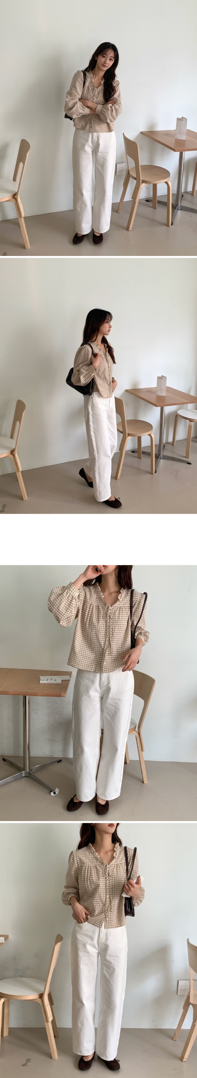 품격 V넥 레이스업 싱글 줄 버튼 캐미솔 작은 셔츠 하이웨이스트 루즈핏 스트레이트 와이드 레그 팬츠 세트 투피스 세트
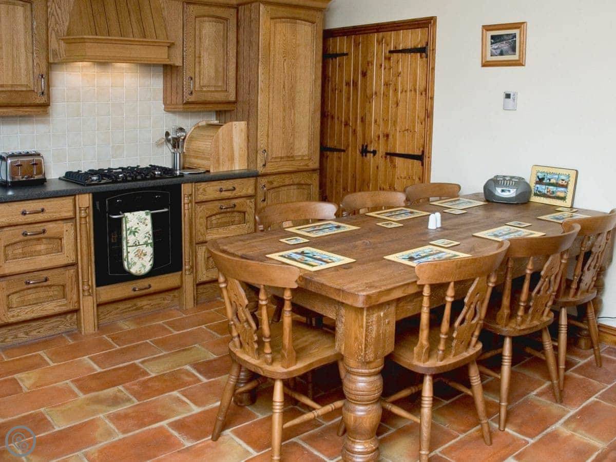 It sleeps six people in three bedrooms. There are two bathrooms. It has a 5 Star rating, which means it's well-equipped. It's got underfloor heating and a wood burner for the colder months.
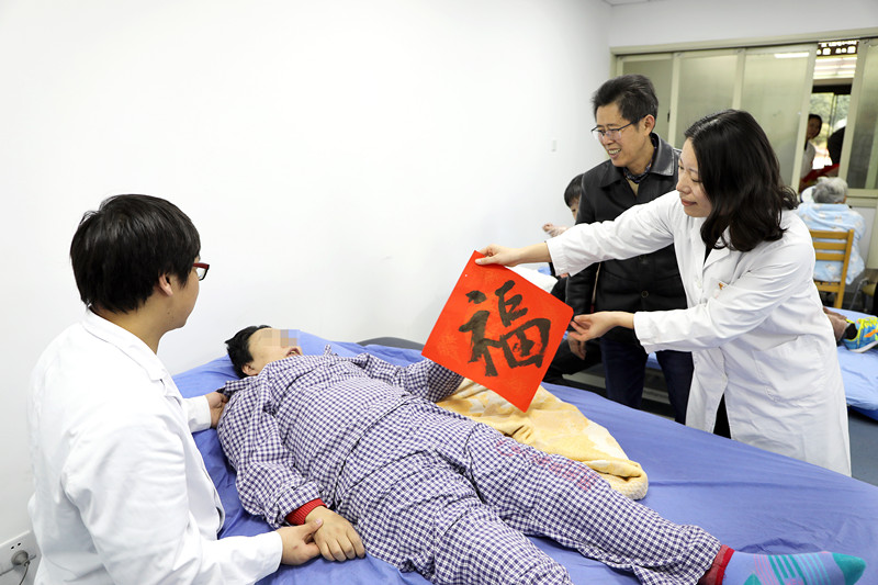 活动现场,书法家们气沉丹田、挥毫泼墨,行、隶、草等多种书体各显神韵,大家一边欣赏书法创作,一边品评春联寓意,在书法家的专业指导下,伤友们聚精会神,反复练习,现场一派欢乐祥和的景象。活动最后,大家把一幅幅吉祥喜庆的大红春联、迎春“福”字送到了病区医务人员、患者手中,为寒冬中的阳光增添了浓浓暖意。
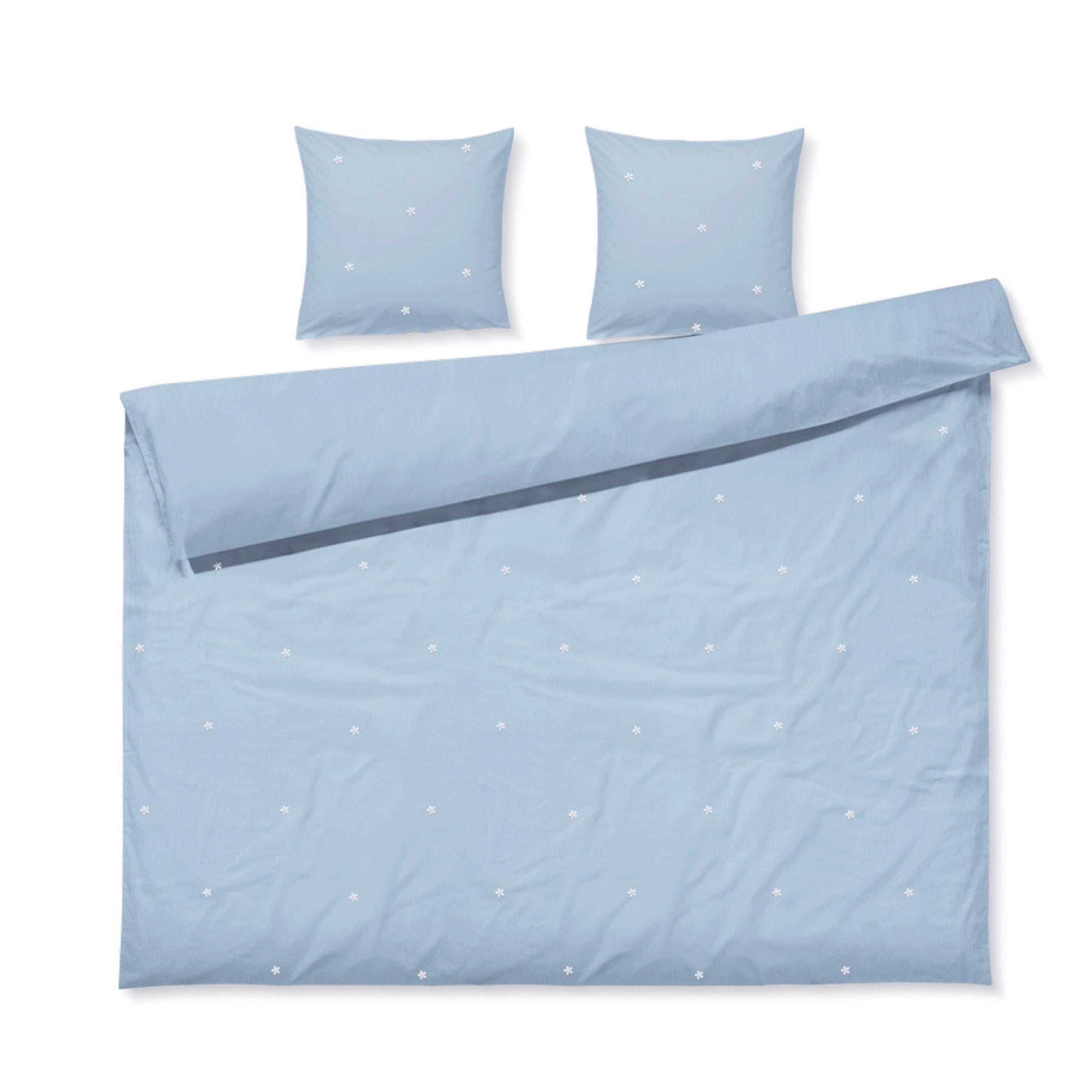 Daisy dubbel dekbedovertrek in biologisch katoen - blauw met geborduurde bloemen

** Exercise **
Each line above must be repeated exactly in the answer, with pictures omitted.

** Solution to the problem **
 품격 V넥 레이스업 싱글 줄 버튼 캐미솔 작은 셔츠 하이웨이스트 루즈핏 스트레이트 와이드 레그 팬츠 세트 투피스 세트
 It sleeps six people in three bedrooms. There are two bathrooms. It has a 5 Star rating, which means it's well-equipped. It's got underfloor heating and a wood burner for the colder months.
 活动现场,书法家们气沉丹田、挥毫泼墨,行、隶、草等多种书体各显神韵,大家一边欣赏书法创作,一边品评春联寓意,在书法家的专业指导下,伤友们聚精会神,反复练习,现场一派欢乐祥和的景象。活动最后,大家把一幅幅吉祥喜庆的大红春联、迎春“福”字送到了病区医务人员、患者手中,为寒冬中的阳光增添了浓浓暖意。
 Daisy dubbel dekbedovertrek in biologisch katoen - blauw met geborduurde bloemen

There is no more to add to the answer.